- AVAILABLE DATA:

[Start of Attachment]

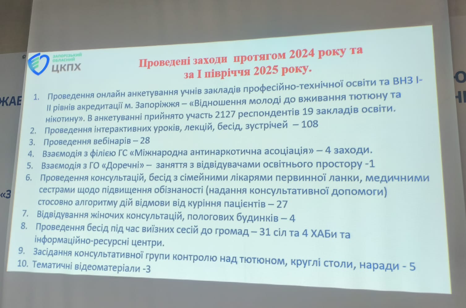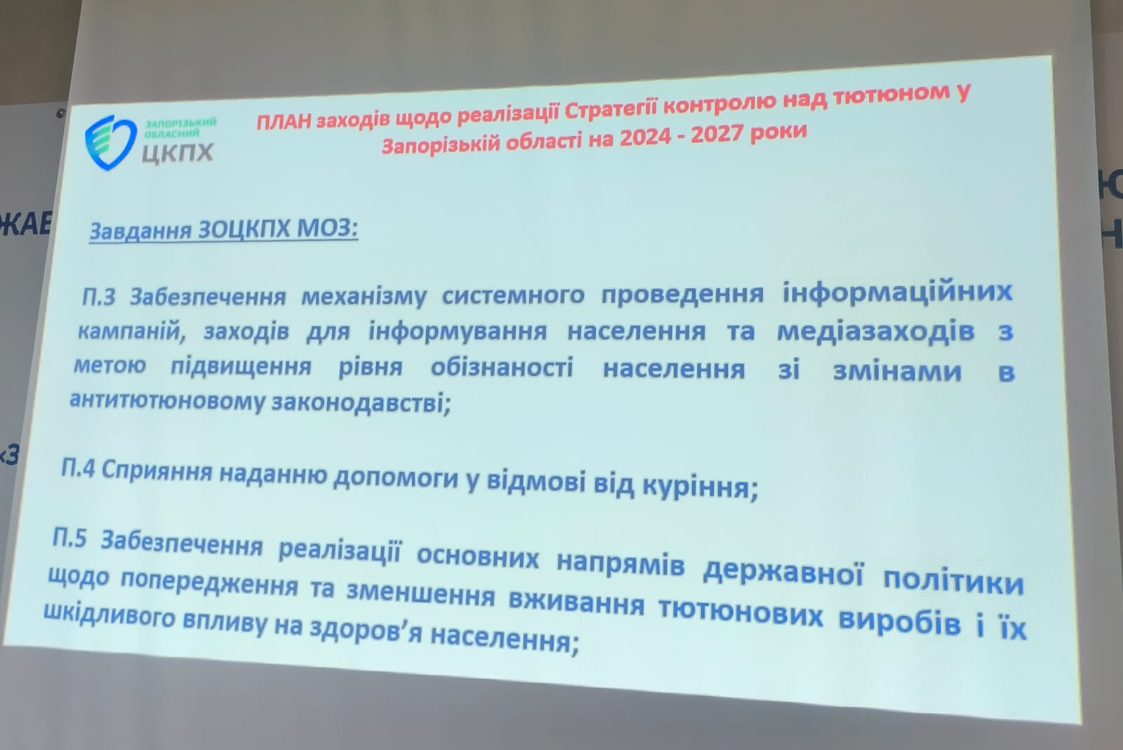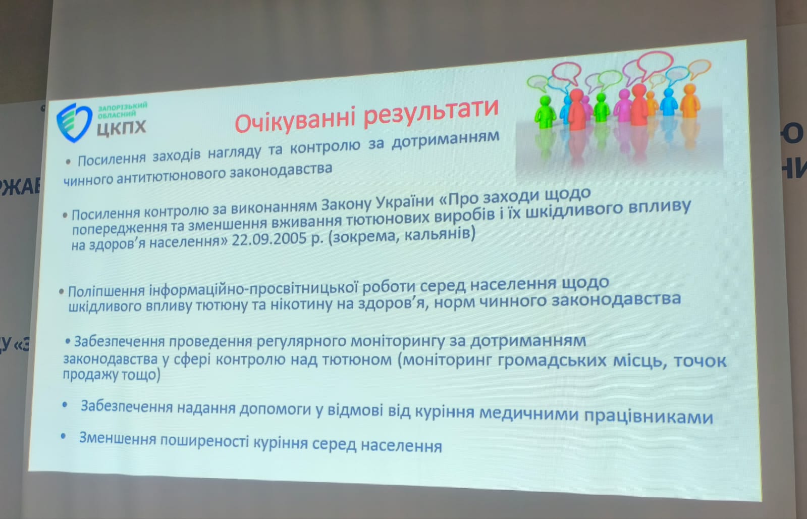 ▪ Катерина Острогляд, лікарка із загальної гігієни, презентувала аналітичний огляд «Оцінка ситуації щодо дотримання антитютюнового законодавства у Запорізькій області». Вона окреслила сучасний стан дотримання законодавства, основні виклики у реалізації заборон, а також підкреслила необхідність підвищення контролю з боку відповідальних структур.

[End of Attachment]
[Start of Attachment]

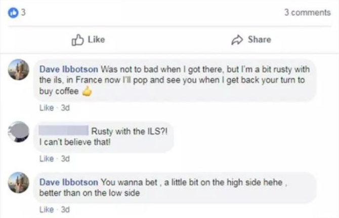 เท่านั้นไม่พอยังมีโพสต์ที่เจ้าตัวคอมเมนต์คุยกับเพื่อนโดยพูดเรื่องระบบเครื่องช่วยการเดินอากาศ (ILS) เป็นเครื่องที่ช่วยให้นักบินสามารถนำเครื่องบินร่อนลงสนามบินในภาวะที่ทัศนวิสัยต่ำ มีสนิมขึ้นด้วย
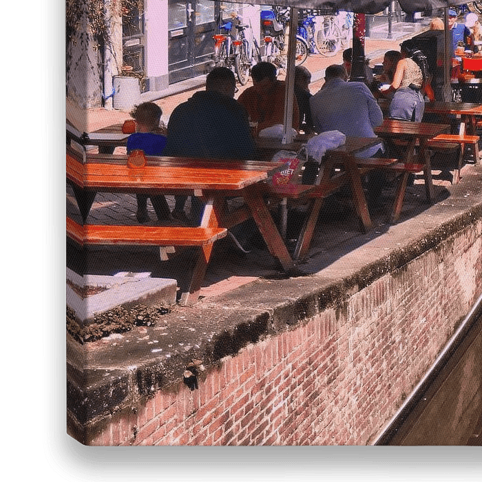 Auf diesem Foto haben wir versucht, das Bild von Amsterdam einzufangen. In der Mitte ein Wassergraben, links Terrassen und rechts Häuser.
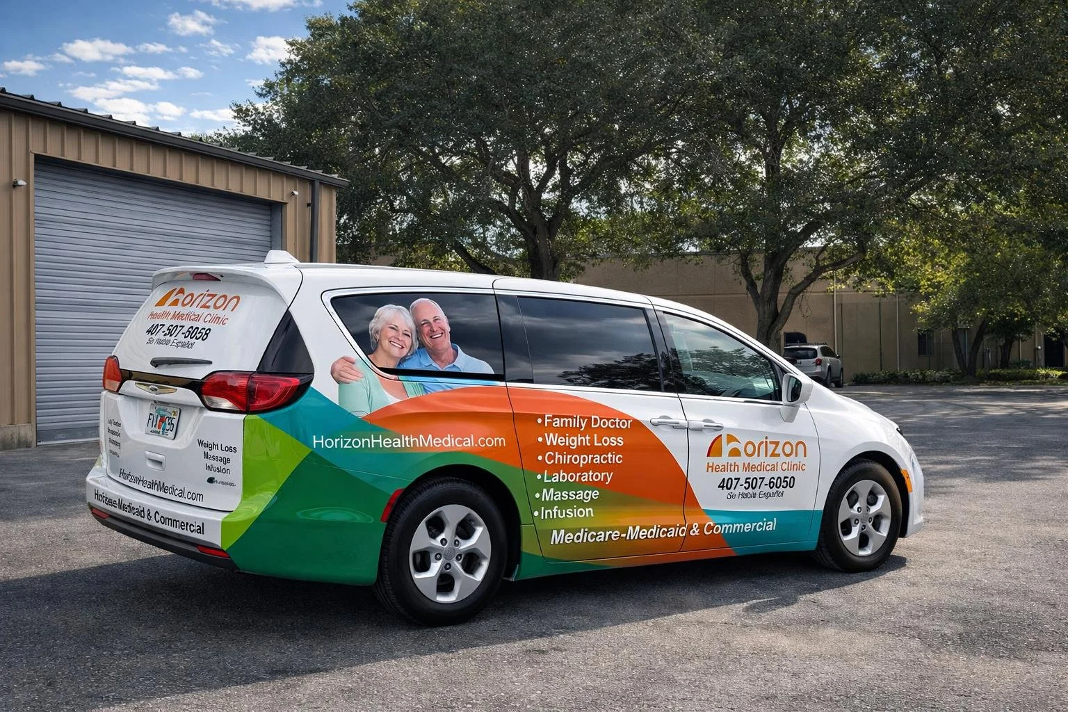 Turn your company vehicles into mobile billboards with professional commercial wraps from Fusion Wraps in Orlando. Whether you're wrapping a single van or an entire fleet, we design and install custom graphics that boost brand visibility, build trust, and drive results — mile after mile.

[End of Attachment]
[Start of Attachment]

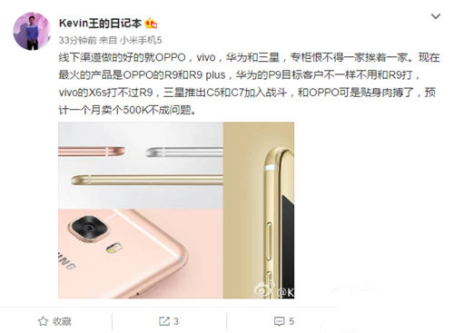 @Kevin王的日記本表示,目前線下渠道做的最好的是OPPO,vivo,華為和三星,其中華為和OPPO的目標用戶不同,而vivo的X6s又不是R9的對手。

[End of Attachment]

- WHAT IS NEEDED: Leaving pictures out, output the lines of the data above from the one with "Auf diesem Foto" through the one with "Turn your company", word for word.

- TASK ANSWER:
 Auf diesem Foto haben wir versucht, das Bild von Amsterdam einzufangen. In der Mitte ein Wassergraben, links Terrassen und rechts Häuser.
 Turn your company vehicles into mobile billboards with professional commercial wraps from Fusion Wraps in Orlando. Whether you're wrapping a single van or an entire fleet, we design and install custom graphics that boost brand visibility, build trust, and drive results — mile after mile.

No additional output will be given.